Slashdot Mirror


FCC Commissioner Urges, Don't Regulate the Internet

Brett Glass writes "In an op-ed in today's Washington Post, FCC Commissioner Robert McDowell makes a case against government regulation of the Internet, opining that 'engineers, not politicians or bureaucrats, should solve engineering problems.' With state governments pressuring ISPs to pull the plug on Usenet, and a proposal now in play for a censored public Internet, McDowell may have a very good point." McDowell is one of the two FCC commissioners who did not vote with the majority to punish Comcast for their BitTorrent throttling.

5 of 343 comments (clear)

  1. Re:Hmmm by tux0r · · Score: 3, Funny

    "Complimentary"?

    Other Human Interaction: Hi there Internet...
    Internet: Wow, you're certainly looking great today, Other Human Interaction!

    --
    ( Redundancy is ) ^ n
  2. Re:Hmmm by noidentity · · Score: 5, Funny

    Is posting on Slashdot a right? If so, how many chara

  3. Re:Hmmm by deathguppie · · Score: 3, Funny

    Is food a right? If so, how much food? What kind of food? Think about it...

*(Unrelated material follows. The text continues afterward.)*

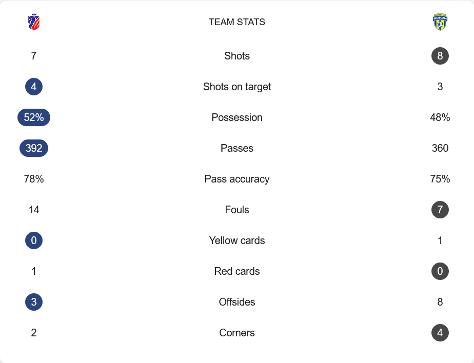 ตลอดทั้งเกม โบโตซานี่ครองบอล 52% เทียบกับโซลโบเซียที่ได้ 48% แต่สิ่งที่แตกต่างคือประสิทธิภาพในการเข้าทำ โดยเจ้าบ้านยิงทั้งหมด 7 ครั้ง เข้ากรอบ 4 ครั้ง และเปลี่ยนเป็น 4 ประตู ขณะที่ทีมเยือนแม้จะยิงมากถึง 8 ครั้ง แต่ตรงกรอบแค่ 3 หน อีกทั้งยังจ่ายบอลพลาดบ่อยครั้ง (ความแม่นยำ 75%) และมีถึง 8 ครั้งที่ล้ำหน้า เทียบกับโบโตซานี่ที่ล้ำหน้าแค่ 3 หน

    depends.. personally I think those frozen party pizza'a are a'right.. but then someone else might think some other king of food is a'right.. so I would have to say at least on my behalf most food is a'right.. but not all..

    --
    once more into the breach
  4. Re:It's government or corporate, choose your devil by epee1221 · · Score: 2, Funny

    Think long and hard whether these are the folks you want governing the Internet.

    After that, think long and hard about the alternative.

    --
    "The use-mention distinction" is not "enforced here."
  5. Re:Hmmm by Brett+Glass · · Score: 2, Funny

    Comcast was throttling based on behavior, not content. (And it was doing something very reasonable. BitTorrent is a bad actor; its purpose is to hog bandwidth.) It's the FCC, on the other hand, that has proposed blocking content. (See the link about sanitized public Internet above.)

    By this I do not mean that corporations should always be trusted, but in this case Comcast appears to be far more trustworthy than government.